Nadeshda schwitzt. In ihrem Nacken kringeln sich blonde Löckchen, und die Schulterblätter bewegen sich rhythmisch aufeinander zu. Ein kleiner Bach aus Schweiß fließt ihren Rücken hinunter. Es ist still und kühl unter dem Dach der Scheune, nur Nadeshdas Atmen und das Klirren der Gewichte ist zu hören.
Durch die Kunststoffplatten des Scheunendachs fällt das Sonnenlicht schräg auf den Gerätepark: Hantelbank und Turnmatte, Ergometer und Kraftmaschine warten auf Nadeshdas Kraft.
Die Staubkörner tanzen im Licht, treiben schwerelos dahin und sind Zeuge ihres eisernen Willens. Nach der Hantelbank hängt die junge Frau sich an die Stange. Zehn Klimmzüge mit breitem Griff. Kurzes Verschnaufen und Keuchen. Ihre zarte Gestalt hängt mit angezogenen Beinen und langen Armen an der Metallstange. Dann noch einmal zehn Klimmzüge. Hopp. Ein elastischer Sprung, und sie steht auf der Matte. Der Boxsack hängt stumm, und bewegungslos, in banger Erwartung. Er ist die nächste Station.
Während Nadeshda ihren Körper unterm Scheunendach stählt, lärmt draußen der Frühling. In den alten Eichen auf dem Hof schreien die Vögel wie von Sinnen. Die Sonne scheint von einem Himmel, der hellblau und unschuldig auf alles sieht, was geschieht. Nadeshda schert sich nicht darum. Sie trainiert, sie legt sich einen Panzer aus Muskeln zu.

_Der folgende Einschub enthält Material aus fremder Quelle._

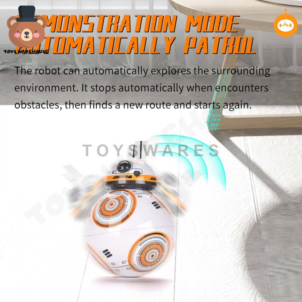 This BB Robot is the magnetism connects the head and body perfectly. The head spinning around the sphere in running or rotation. It's interesting! The sound imitation is set inside the body. Give out the siren, whistle, snore, consultation.
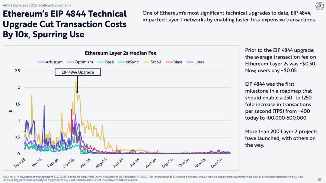 在EIP 4844升级之前,以太坊第2层的平均交易费用约为0.50美元。现在,用户只需支付约0.05美元。
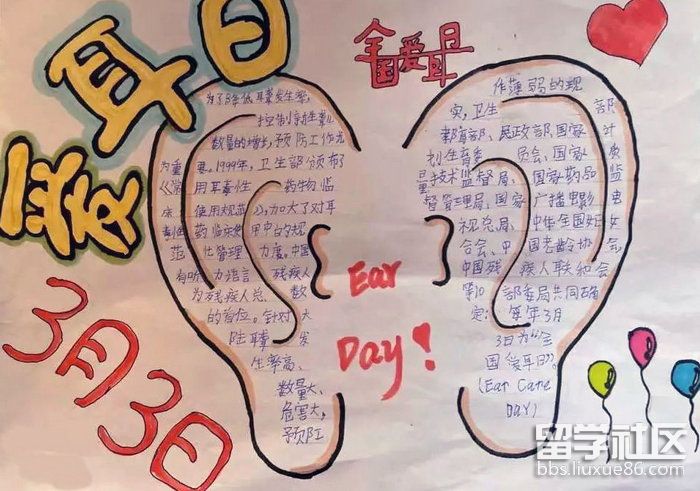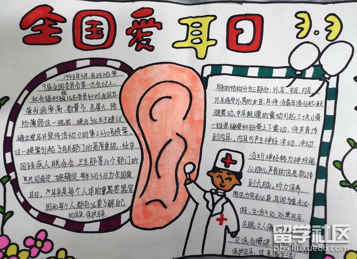 3月3日是全國(guó)愛(ài)耳日。耳朵是人的重要感覺(jué)器官之一,鳥(niǎo)語(yǔ)花香,山呼海嘯,都必須經(jīng)過(guò)耳朵才能感受到,沒(méi)有聽(tīng)力,語(yǔ)言交流就無(wú)從談起。兒童正處于語(yǔ)言的形成期,因此,保護(hù)聽(tīng)力更顯得尤為重要。下面是由出國(guó)留學(xué)網(wǎng)編輯為大家整理的“3.3全國(guó)愛(ài)耳日手抄報(bào)模板精選6張”,僅供參考,希望能夠幫助到大家。
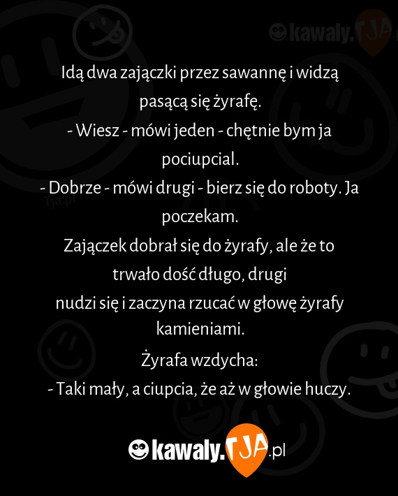 Idą dwa zajączki przez sawannę i widzą pasącą się żyrafę.
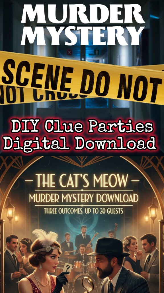 Run a party yourself with our new DIY Clue Party Kit Digital Download. 1920’s Speakeasy Murder Mystery Game is now ready. Order now, print today, host tonight!
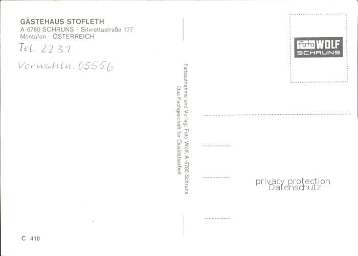 72235214 Schruns Vorarlberg Gaestehaus Stoftleth postalisch nicht gelaufen Erhaltung siehe scans KatCode: 11390341080122
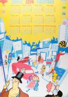 Calendari empresa gràfica Marc Martí Calendari per a l'empresa gràfica Marc Martí, amb els mesos a la part superior i al voltant logotips amb adreces del negoci i a la part inferior la vista d'un carrer urbà amb diferents personatges com un treballador de Marc Martí en furgoneta, un home-anunci de Marc Martí, així com un guàrdia urbà, nens, una senyora amb canitx, un presidiari sobre un teulat o dos senyors amb monòcul mirant uns quadres buits (al primer pla).
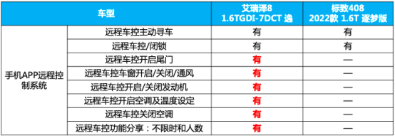 艾瑞泽8远程操控系统的功能也比标致408要丰富,通过手机APP便可轻松操控车辆。早上出门前,可提前通过手机开启空调、天窗,营造最舒适的驾乘环境。如果车停在像万达、国贸这样的商圈停车场时,通过手机APP便可远程主动寻车,再也不用担心找不到车。
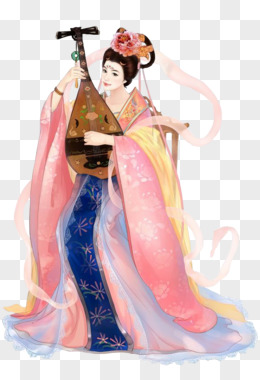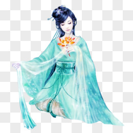 手绘可爱喜庆女孩拿着金鱼灯放烟花元素
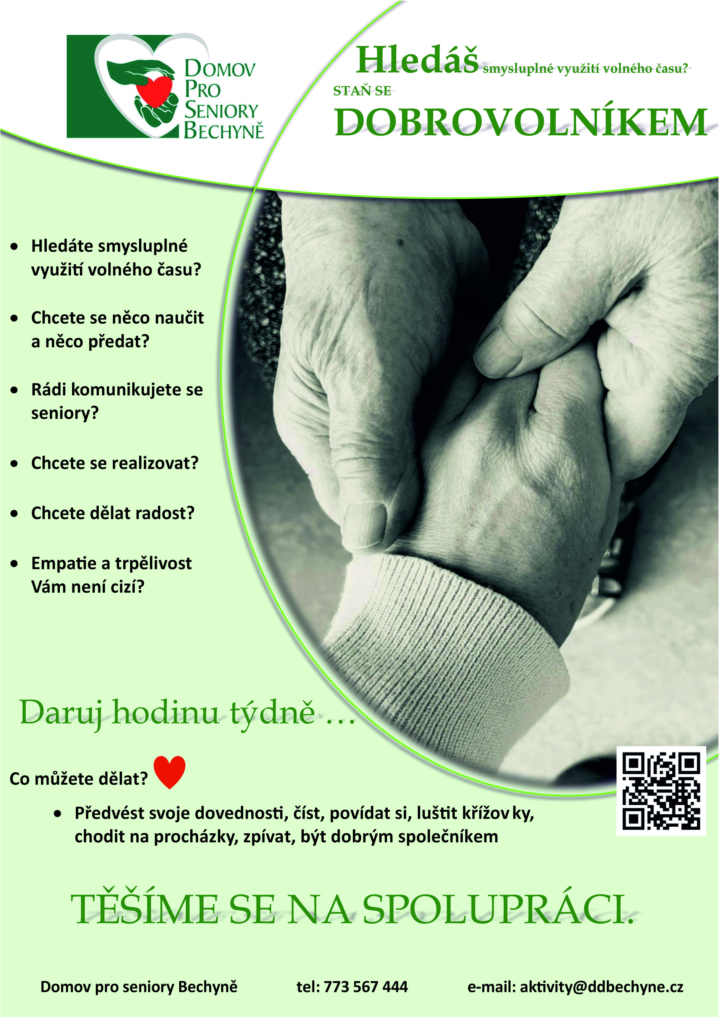 Hledáte smysluplné využití volného času? Rádi komunikujete se seniory? Chcete dělat radost? Empatie a trpělivost Vám není cizí? Darujte hodinu týdně a staňte se DOBROVOLNÍKEM.
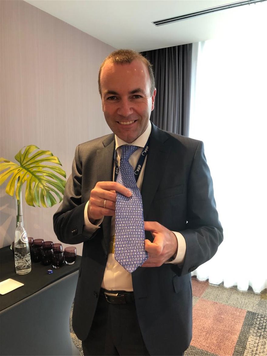 Με ελληνική γραβάτα εμφανίστηκε ο υποψήφιος του Ευρωπαϊκού Λαϊκού Κόμματος για την προεδρία της Ευρωπαϊκής Επιτροπής, Μάνφρεντ Βέμπερ, στα γραφεία της ΕΛΚ.  Ο κ. Βέμπερ θέλησε με αυτό τον τρόπο να τιμήσει την επέτειο της ένταξης της Ελλάδος στην ΕΟΚ το 1979.
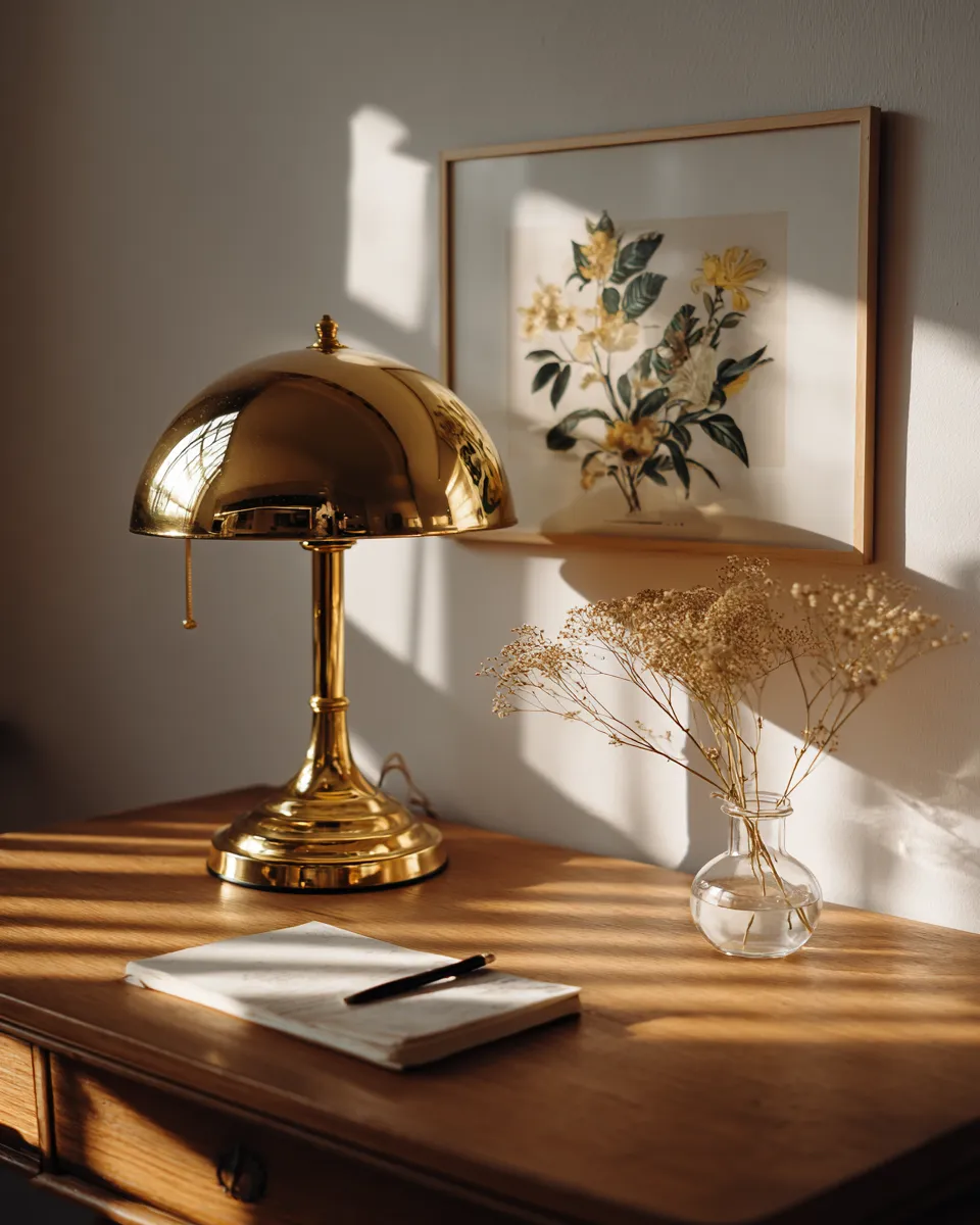✨ Golden Botanicals: Brass & Bloom in Your Home Office Decor! 🌸

Unten, am Fuß der steilen Holztreppe sitzt die Katze und frisst eine Amsel. Ein Flügel ist noch übrig und der Kopf mit dem hübschen gelben Schnabel. Ein Auge schaut erstaunt und groß in den Frühlingstag. Die Katze rupft und kaut.
Nadeshda weiß: Der Großvater sitzt in der Küche im Wohnhaus und wartet. Sie trainiert jeden Tag. Exakt 45 Minuten. Dann beeilt sie sich, um mit ihm in der kleinen Küche mit den Scheibengardinen den Morgentrunk einzunehmen. Eine Mischung aus rohem Ei, Weizengras, Mandelmus und Apfelsaft. Gesund ist das, es gibt Kraft. Der Großvater ist 93 Jahre alt und hält sich kerzengerade. Die Uhr tickt. 7:37. Noch acht Minuten.
Nadeshda schlägt den Boxsack. Blitzsartig schnellen ihre Fäuste vor und wieder zurück, pfeifend geht ihr Atem dabei durch die gespitzten Lippen. Fuh, fuh-fuh. Ein Trippelschritt zurück, die Fäuste ans Kinn. Und wieder vor. Fuh, fuh-fuh. In der zarten Kuhle über dem Gesäß haben sich kleine Schweißperlen gesammelt. Sie fließen hinab und färben das Bündchen der ausgewaschenen grauen Turnhose dunkel.
Es ist 7:43. Zeit zu gehen. Nadeshda nimmt das Handtuch vom Turnkasten und wischt sich den Schweiß aus dem Gesicht. Unten an der Treppe hat die Katze ihr Mahl beendet. Ein paar Federn und der gelbe Schnabel liegen dort, angewidert schiebt das Mädchen sich an dem Häuflein vorbei.